Given an integer K and an array height[] where height[i] denotes the height of the ith tree in a forest. The task is to make a cut of height X from the ground such that exactly K unit wood is collected. If it is not possible then print -1 else print X.

Examples:

Input: height[] = {1, 2, 1, 2}, K = 2
Output: 1
Make a cut at height 1, the updated array will be {1, 1, 1, 1} and
the collected wood will be {0, 1, 0, 1} i.e. 0 + 1 + 0 + 1 = 2.

Input: height = {1, 1, 2, 2}, K = 1
Output: -1

Approach: This problem can be solved using binary search.



  • Sort the heights of the trees.
  • The lowest height to make the cut is 0 and the highest is the maximum height among all the trees.

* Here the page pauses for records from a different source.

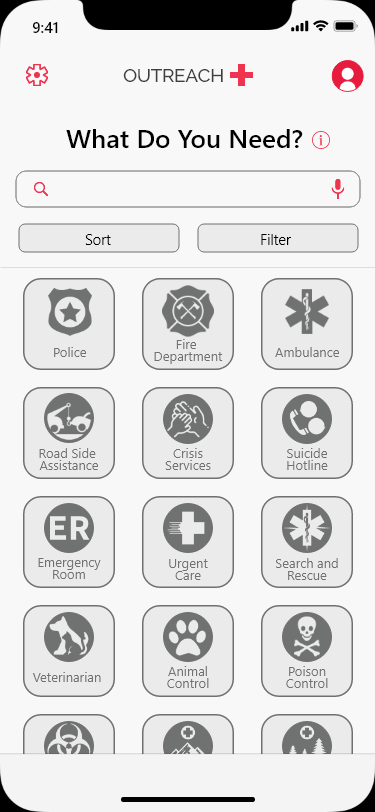 After some ideation, I came up with the idea for Outreach, what if in an emergency a person could contact the most appropriate service that they needed in that given moment? An app that presented the user with a variety of different emergency services they they could choose from would be a great start to get the person the assistance that they needed.
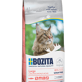 Bozita Large Weizenfrei Lachs ist ein Alleinfuttermittel für die erwachsene Katze. Inhalt und Krokettengröße sind besonders geeignet für große Katzen, Katzen, die zu schnell fressen sowie langhaarige Katzen. Frisch zubereiteter Lachs ist besonders schmackhaft und leicht verdaulich, sodass die Katze die Nährstoffe leichter aufnehmen kann. Lachs enthält gesunde Fettsäuren, die zusammen mit Biotin und Zink gute Voraussetzungen für gesunde Haut und gesundes Fell bieten. Für Katzen mit langem Fell haben wir unlösliche Faserstoffe hinzugefügt, die das Risiko der Haarballenentstehung reduzieren.
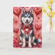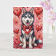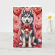 Siberian Husky Valentine Dog Sitting with Hearts Kort
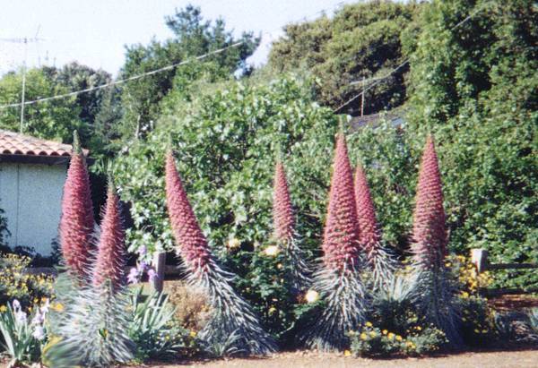 前述之不知名花有極茂密狹長茸毛葉,粉紅大花軸著滿花比人高,附兩張照片,祈網友專家們賜告植栽名字,勿使名花被稱呼「不知名花」。
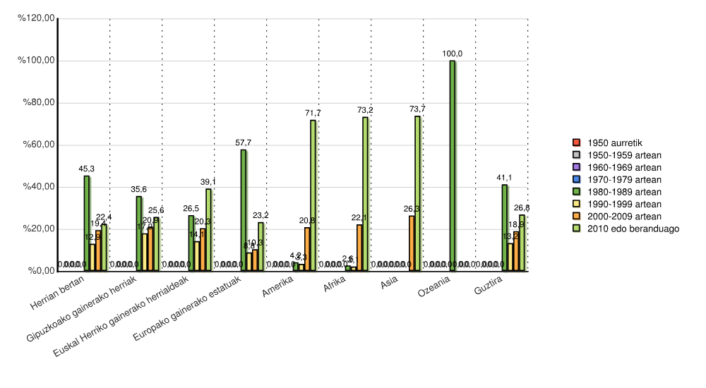 | Euskal Herriko gainerako herrialdeak | 0 | 0,0 | 0 | 0,0 | 0 | 0,0 | 0 | 0,0 | 103 | 26,5 | 55 | 14,1 | 79 | 20,3 | 152 | 39,1 | 389 | 100,0 |
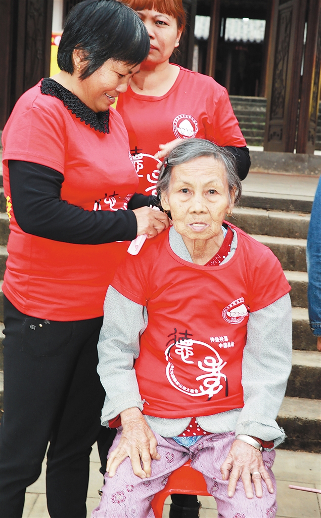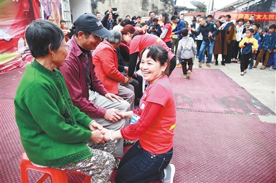 “走!孩子们都回来了,咱们一起去祭拜祖先张岳崧。”在长辈的招呼下,这些久别故乡的外嫁女儿,坐上车,组成浩浩荡荡的车队,成为当天龙湖镇的一道独特风景线。中午时分,在舞狮队的欢腾中,大家回到村里。舞台已备好,载歌又载舞。大家欢聚一堂,异常热闹,格外开心。而“谢父母恩情,跟爸妈说句心里话”为主题的德孝仪式,将活动推到了高潮。台上,归来的女儿们为父母表演精心准备的节目,父母长辈们则陆续上场谈感受、道祝福;台下,女儿拉着双亲的手,久久不愿放开;活动现场,孩子们则被这一幕幕教育着、感动着……
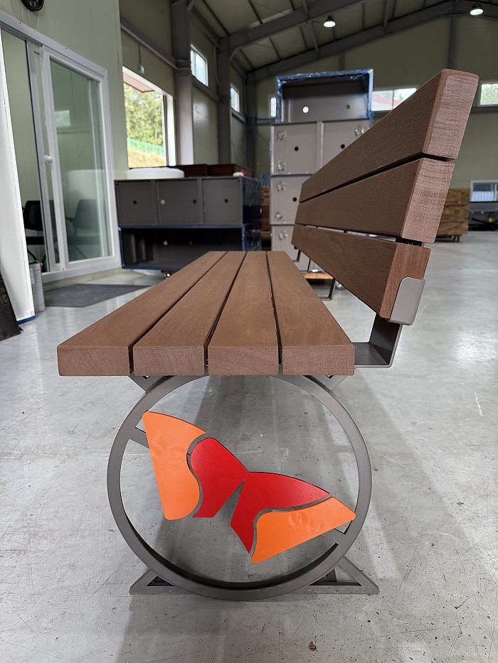 하이닉스의 로고로 디자인된 등벤치입니다.
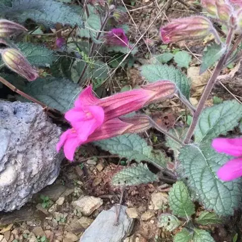 天目地黄(学名:Rehmannia chingii Li)是玄参科地黄属,多年生半常绿草本。根茎肉质肥厚,橘红色。茎直立,株高30-60厘米,全株被灰白长柔毛或腺毛。基生叶莲座状,叶椭圆形,基部渐狭成长柄;茎生叶向上渐小,上面绿色,皱缩;下面紫红色;叶缘锯齿。总状花序顶生或单生叶腋;花大,花冠筒微弯,外面紫红色,内面黄色油紫斑。蒴果卵形,种子多。花期4-5月。
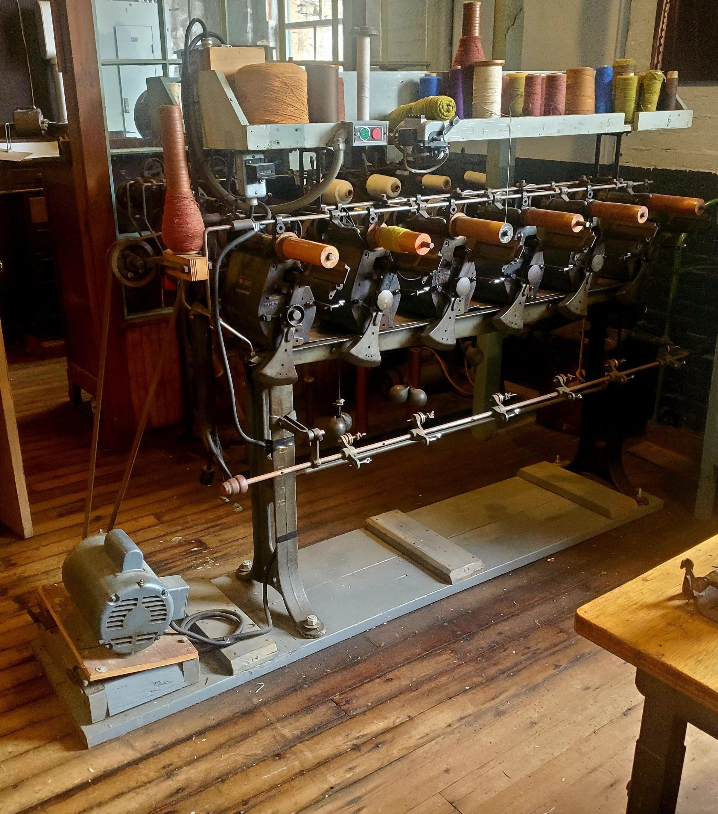 Plummer, Dale donor. This machine was once owned by the American Thread Company. Plummer acquired it after ATCO closed its Willimantic plant in 1985, to use in a small textile manufactoring mill he operated in the old Ponemah Mills in the Taftville neighborhood of Norwich, CT.Place
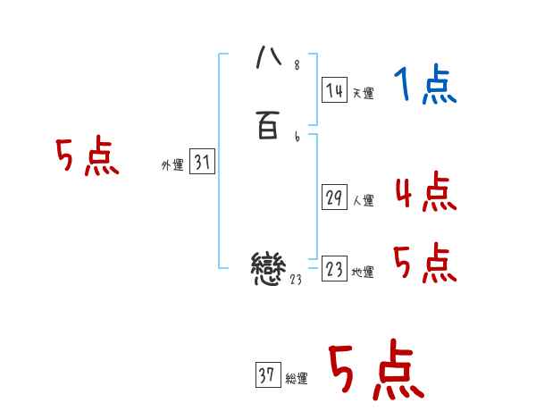 八百戀さんの画数の鑑定結果
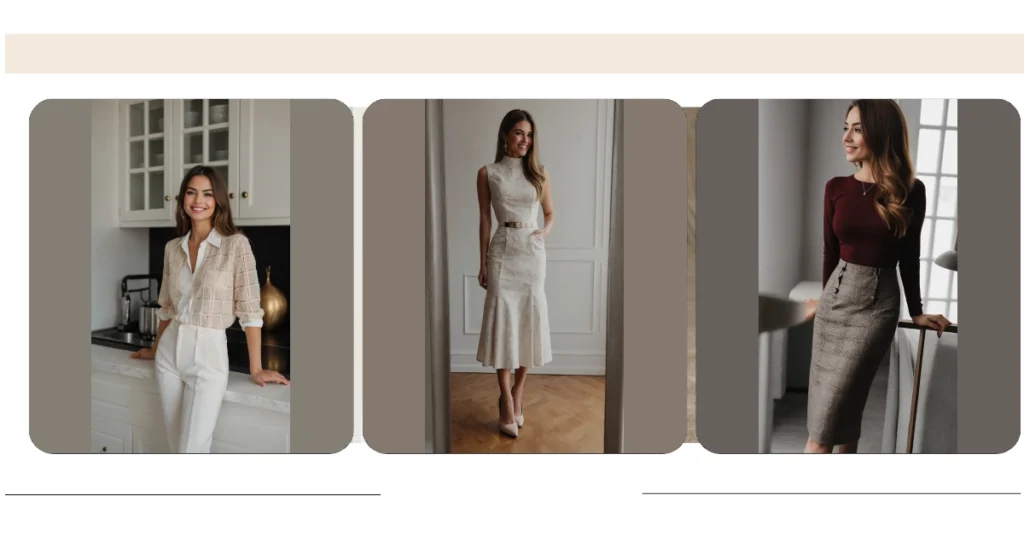 It’s like this outfit is screaming, “I’m professional, approachable, and probably have my life together!” This style is perfect for those days when you need to switch from a serious meeting to, say, debating with your pet why they can’t have more treats. It shows how work outfits don’t have to be boring. Who knew looking sharp for work could also mean being perfectly prepped to make a gourmet lunch or just patiently wait for the toaster? This look proves you can be comfy, stylish, and ready for whatever your “work” throws at you – even if “work” means just trying to find where you left your charger.
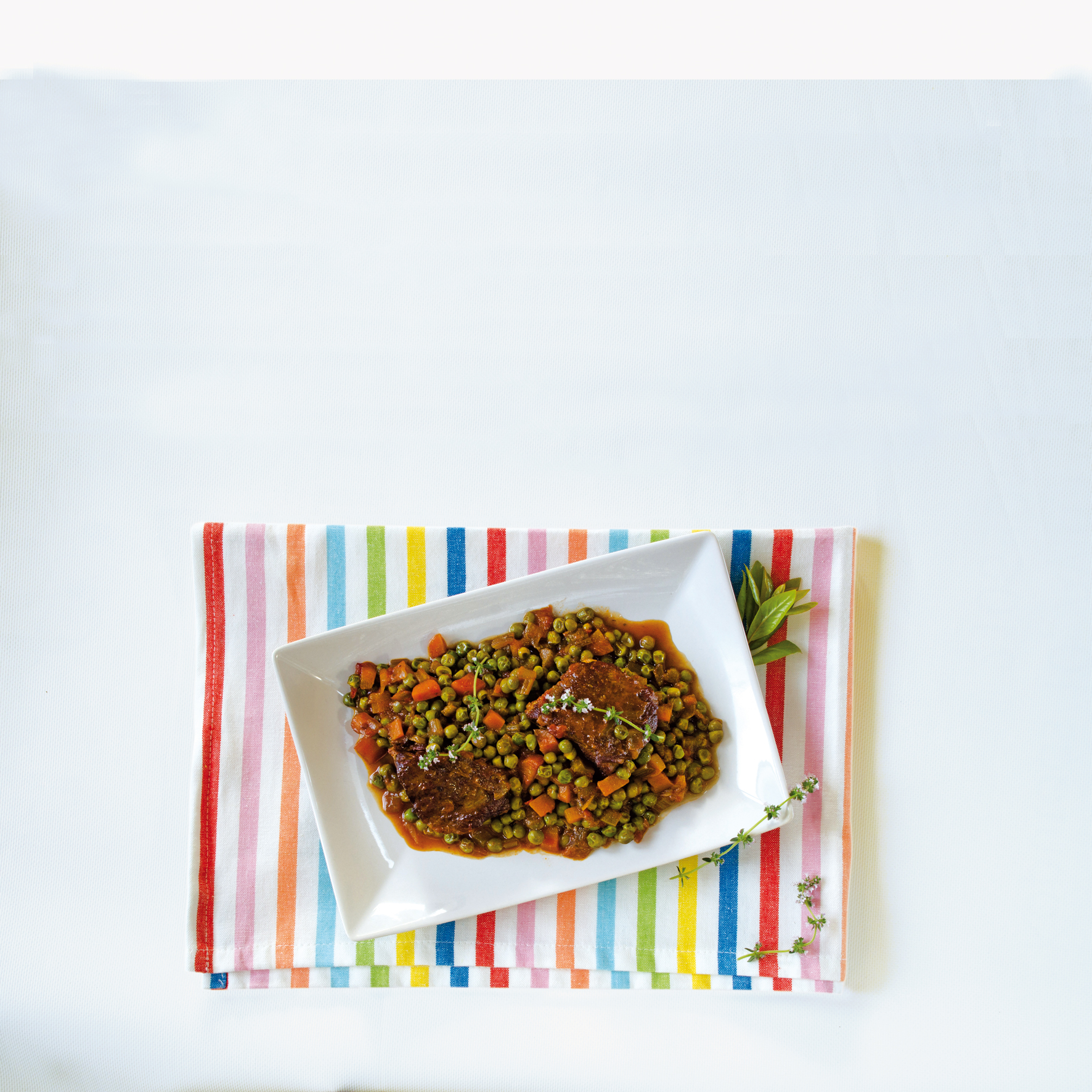Προσθέτουµε τον αρακά και µαγειρεύουµε για 20 λεπτά ακόµη. Σουρώνουµε τον ζωµό και κρατάµε στην άκρη το κρέας και τα λαχανικά.

So, set low = 0 and high = max(height[i]).
  • Repeat the below steps while low ≤ high:
    1. Set mid = low + ((high – low) / 2).
    2. Count the amount of wood that can be collected if the cut is made at height mid and store it in a varible collected.
    3. If collected = K then mid is the answer.
    4. If collecetd > K then update low = mid + 1 as the cut needs to be made at a height higher than the current height
    5. Else update high = mid – 1 as cuts need to made at a lower height.
  • Print -1 if no such value of mid is found.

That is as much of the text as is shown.